Our boat operators—two women born around the time my wife and I started dating—also said unemployment benefits were next. “At least I don’t have a family to take care of,” added the captain. Both women were what is best described as fairly chill about the whole situation.

Chill wasn’t an uncommon reaction to pending economic fallout. The pain from a looming shutdown of a massive portion of Hawaii’s economy—tourism—was met with relative equanimity. The reasons for such a reaction, as best I could tell, were twofold: an awareness of native vulnerability, and a strong sense of ohana, the Hawaiian word for family.

Measles, for instance, wiped out half the native Hawaiian population in the 19th century. Devastating epidemics are still remembered on the islands today.
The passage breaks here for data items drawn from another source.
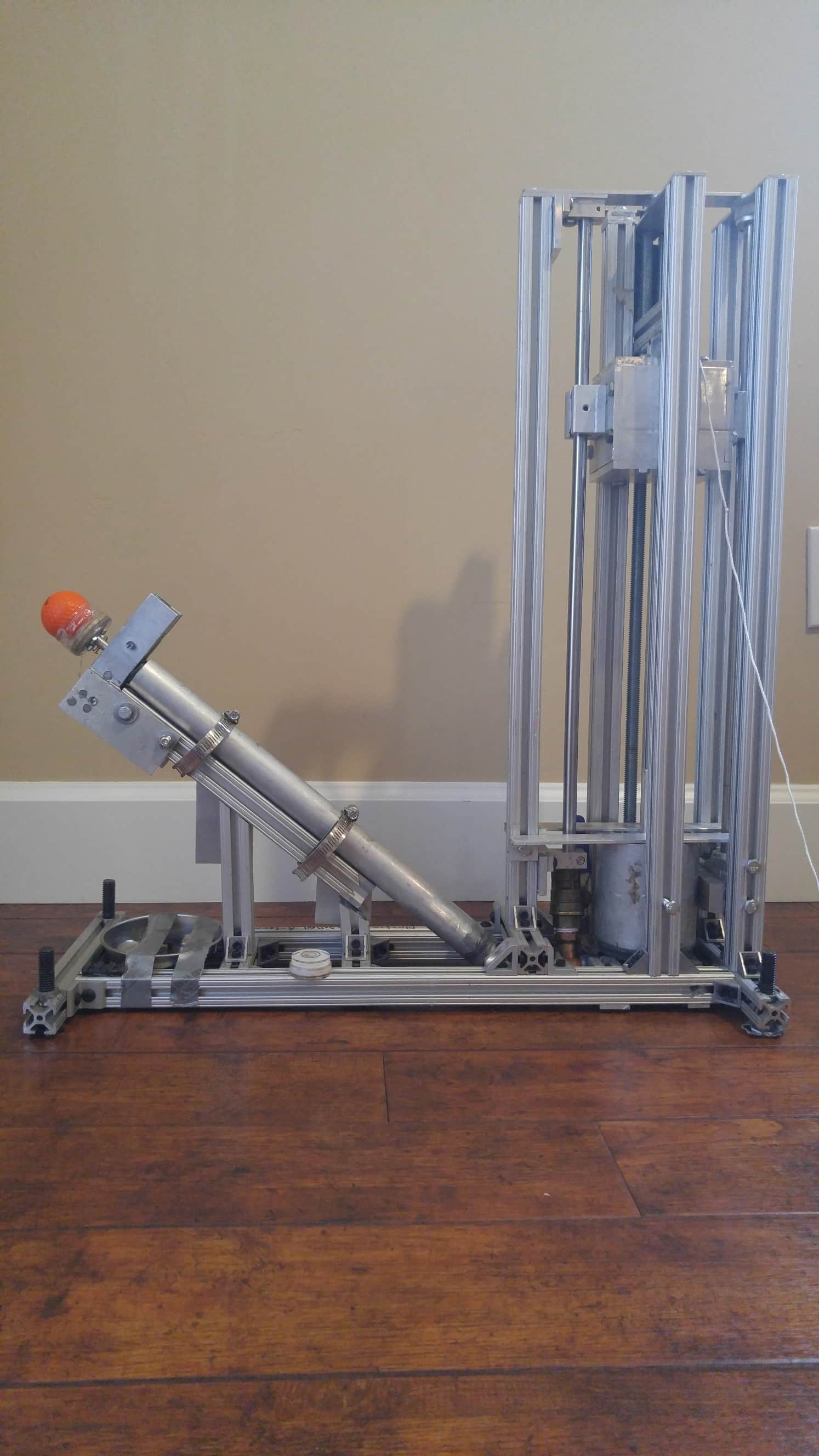 Wow! That's an awesome looking machine. I can't help but think, "is that a bit over-engineered?" but your success at Nationals seems to indicate it was engineered just the right amount. Curious about two things - 1) how heavy is it? It looks intimidating! 2) How did you make the adjustments between shots? Does that thick threaded rod allow you to precisely raise or lower the falling mass?DoctaDave wrote:Hey everyone!
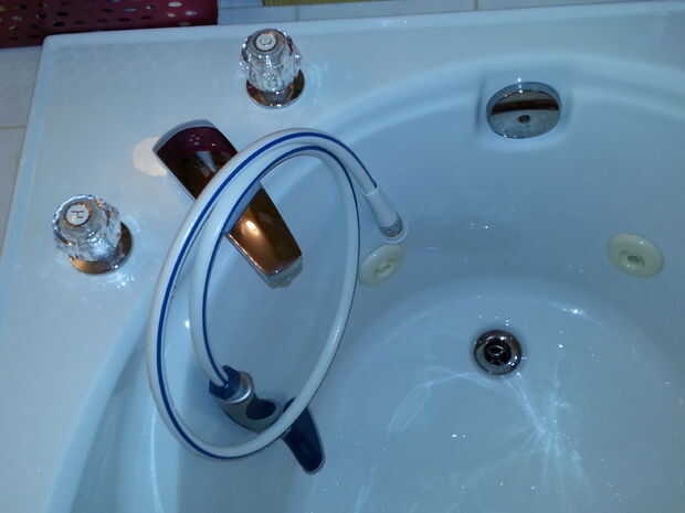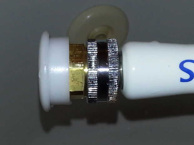 7) Tire hacia atrás el anillo blanco en el adaptador del complemento femenino para agregar o quitar la regadera de mano del surtidor de la bañera.
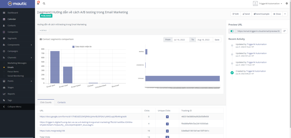 - Họ lấy tất cả dữ liệu cho các chỉ số mà họ tập trung vào, những chỉ số này thường được biểu thị bằng các chỉ số nhấp chuột (như tỷ lệ mở, CTR và tỷ lệ thoát).
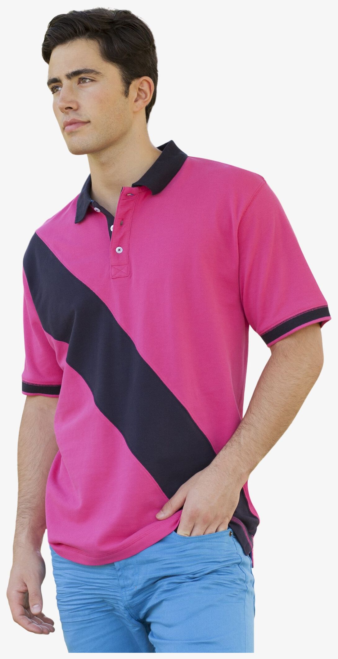 Polo piqué avec rayure diagonale. Pas d'étiquette indiquant la marque. Coupe légèrement slim. 3 boutons de fermeture au niveau du col , boutons nacrés. Manches et col légèrement contrastés. 100% coton Grammage : 200g/m²
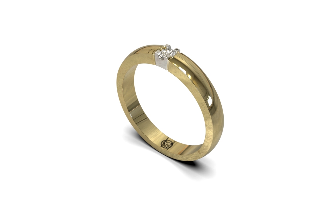 14 karaat geel met wit goud alliance ring met diamant. Memoire ring.
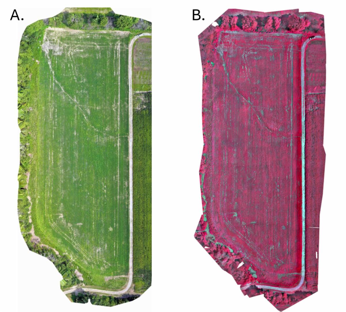 Figure caption: Drone imagery captured with A) RGB and B) multispectral cameras. These images are of the same agricultural field planted in soybeans, using a combination of hundreds of photos “stitched” together to create a highly detailed image called an orthomosaic.

In fact, we were treated to a Hawaii protest on Saturday with native Hawaiians asking us to “go home now” to “protect our elders” and reminding us that “Aloha also means goodbye.” The protest was peaceful and, in friendly Hawaii fashion, the protesters literally said “please.”
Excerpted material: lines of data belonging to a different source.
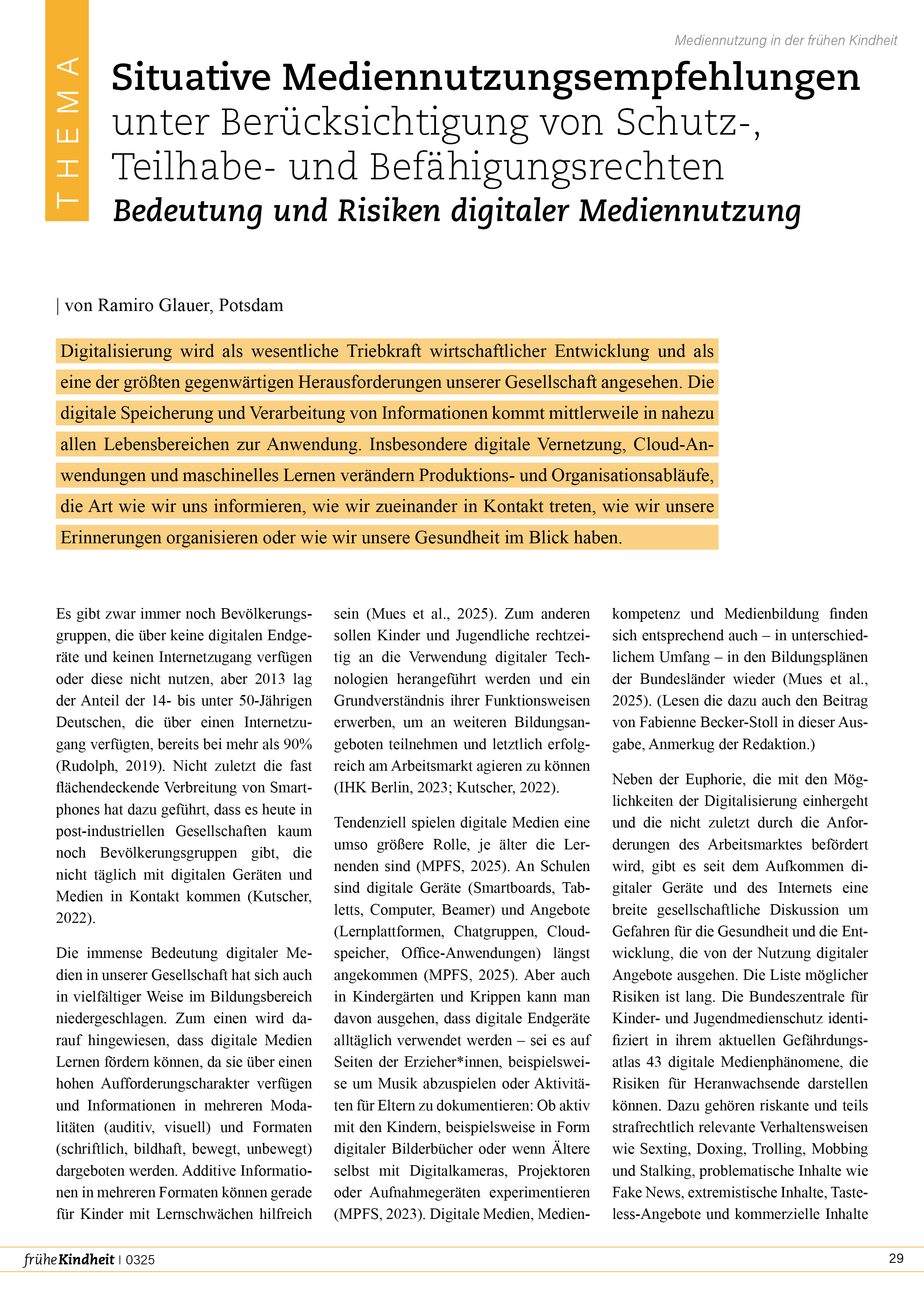 Situative Mediennutzungsempfehlungen unter Berücksichtigung von Schutz-, Teilhabe- und Befähigungsrechten Bedeutung und Risiken digitaler Mediennutzung
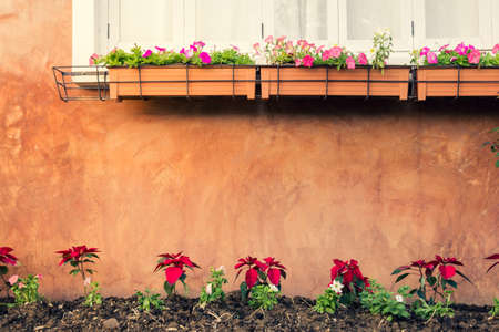 Beautiful flower garden in front of the orange wall with warm sunlight in the morning.
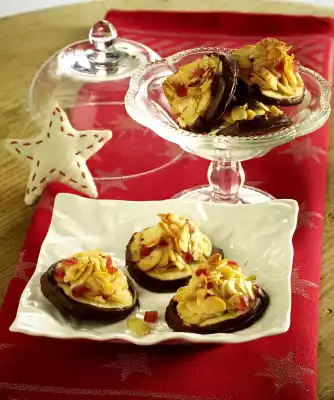 In the meantime chop the cherries into small pieces. Melt 50 g butter, 100 g sugar and honey in a large pan while stirring until the mixture is lightly browned. Mix in the cream and simmer for about 2 minutes. Add almonds and cherries, simmer for another 3 minutes at low heat while stirring. Put the almond mixture as small heaps on the cookies. Put the cookies back into the oven, bake for about 7 minutes. Take out the cookies and let them cool down. Chop the chocolate coating and melt over a warm water bath. Dip the shortcrust pastry bases into the couverture. Leave to dry
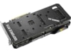 Undersiden af kortet afslører en række forbedringer. Det meste af bagsiden er skåret i en beskyttende metalbagplade, der gør sig bemærket med en bred udluftning. Udluftningen tillader, at varm luft slipper ud mod chassisets udstødningsventilatorer i stedet for at blive genanvendt tilbage i GPU-køleren. Rustfri stål bruges til I/O-beslaget for at beskytte porte og give en mere sikker montering. En praktisk placeret Dual Bios-switch muliggør tilpasning af kortets standardydelsesprofil uden software.
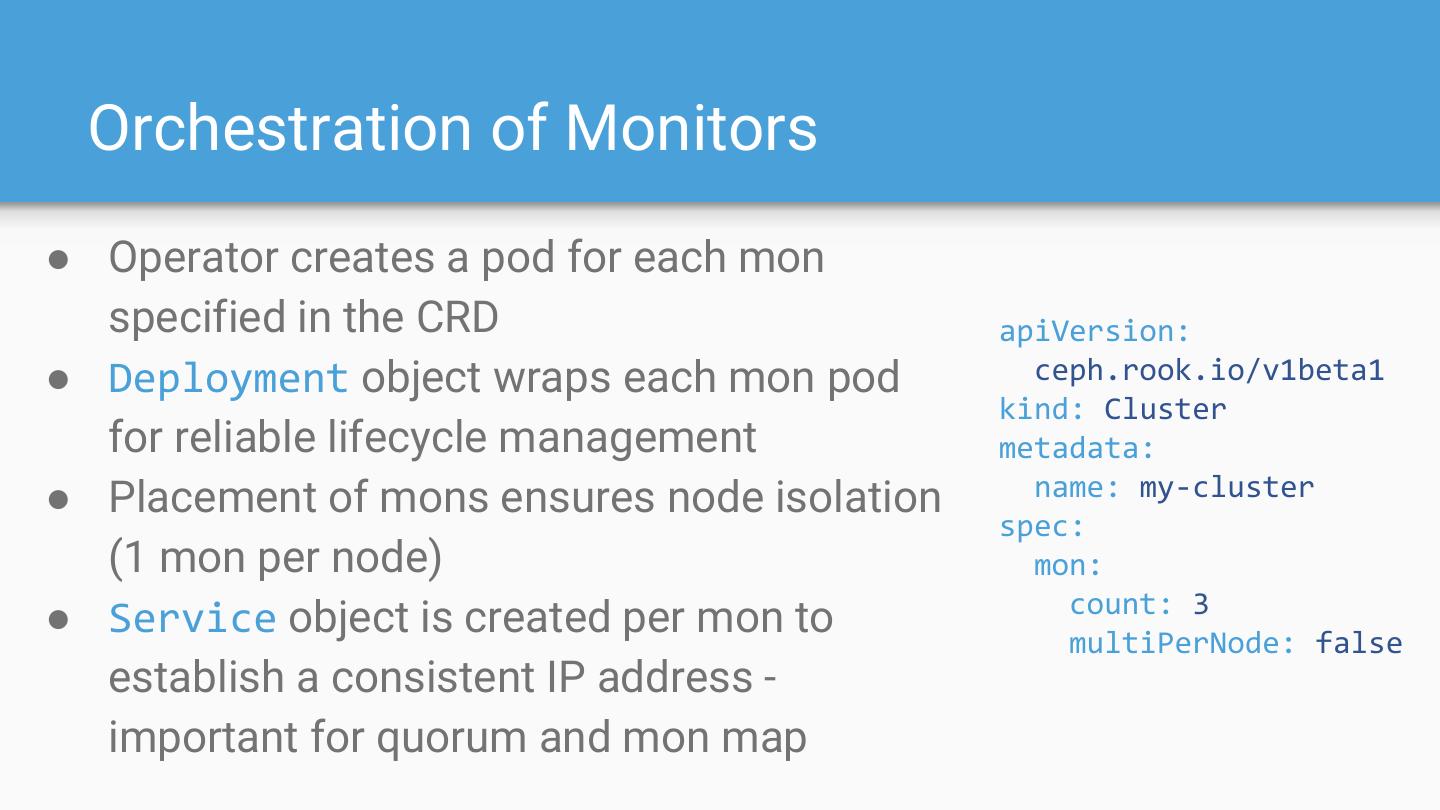 11 . Orchestration of Monitors ● Operator creates a pod for each mon specified in the CRD apiVersion: ● Deployment object wraps each mon pod ceph.rook.io/v1beta1 kind: Cluster for reliable lifecycle management metadata: ● Placement of mons ensures node isolation name: my-cluster spec: (1 mon per node) mon: count: 3 ● Service object is created per mon to multiPerNode: false establish a consistent IP address - important for quorum and mon map
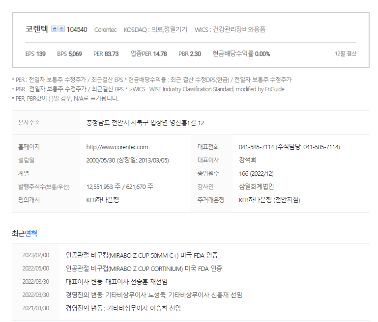 코렌텍는 의료 장비 및 서비스 기업입니다. 대표자는 강석희 이며 설립일은 2000/05/30, 주식 상장일은 2013/03/05입니다. 전체 종업원 수는166명 이고 본사 주소는 충남 천안시 서북구 입장면 영산홍1길 12입니다.
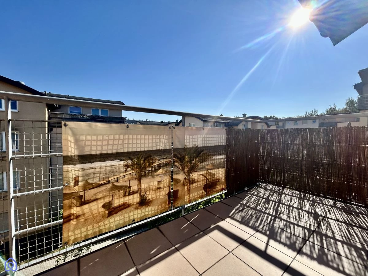 Znajduje się na trzecim zarazem ostatnim piętrze budynku, posiada również balkon o powierzchni 7 m2 z widokiem na zieleń i sąsiedztwo. Idealny na śniadanie lub relaks w pogodne dni.
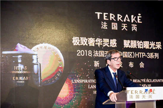 在当晚的新品发布会上,法国天芮(中国区)副总裁张宁君先生的致辞中就淋漓尽致的对法国天芮进入中国五周年以来的品牌历程及新一年的战略规划做了完美阐述,而作为进入中国CS渠道的欧系护肤品牌,天芮一直定位于中高端领域,并持续引领中国CS渠道化妆品消费升级,带着这样的品牌使命,重磅推出了历经多年研发的匠心奢美之作---HTP-3铂曜系列;“极致奢华灵感,赋颜铂曜光采”TERRAKE法国天芮HTP-3铂曜系列3款奢美单品终于揭开神秘面纱,在北京法国驻华大使官邸正式亮相!

The mandated 14-day visitor quarantine, and not the protests, is what shut tourism, sending people home. It won’t be easy for the islands. Roughly 20% of Hawaiian jobs are directly, or indirectly, tied to tourism. That number probably understates the impact. Tourism is the economic engine of the state. Hawaii’s population is about 1.4 million. About 10 million people visit the state each year.

Everyone knows pain is coming. The question “How’s business,” was consistently answered “Slow,” whether it was at a local shaved-ice outlet or one of the few stores still open to pedal flip-flops and sunscreen. Slow was an understatement. “Crickets,” as my teens would say, was more like it. Nothing was going on by the end of the vacation.

Fear, of course, was also expressed by some businesses—mainly by local retailers worried about an existential crisis. Restaurants appeared to be in better shape, with the bulk of the pain felt by hourly employees. Groceries were still doing brisk business.

Overall, there was an absence of vitriol for the governor or local government. The vast majority of those I spoke with supported the moves. Some vitriol, in fact, was reserved for not acting faster. There was more concern about the health of elders than the health of the economy.

That’s the attitude which can be a good model for the rest of the country.

Hawaii, which became the 50th state only about 60 years ago, still has a very different culture from the mainland. There is a recognition by all age groups: Ohana requires sacrifice. There is also a serene belief that things will be better down the road.

Optimism in trying times is another good lesson of all for those of us who spend all our time worrying about stock markets and the global economy. Unemployment is going to spike, in Hawaii and on the mainland. And it will take a shared effort at all levels of society and government to recover. But things will be better down the road.

What about the Hawaiian stocks? Hawaiian Airlines’ parent company, Hawaiian Holdings (ticker: HA), is down about 62% year to date. Bank of Hawaii (BOH) is off about 41%. Both declines are worse than the drops of the Dow Jones Industrial Average and the S&P 500. What’s more, Hawaiian municipal bonds have dropped about 5% in recent weeks. They still yield less than 2%. No one, it appears, expects the state to run into trouble.

As for the virus: There were about 70 cases on the islands as of Tuesday evening, local time. when we returned home. There are about 115 cases as of Saturday evening, up about 15 cases over the past day. Growth in the number of cases has remained slow in recent days. It isn’t yet a trend, or victory, but it’s good news.

Corrections & Amplifications

An earlier version of this story misspelled the name of a local school teacher. She is Barbara Sarbin, not Barbara Sarban.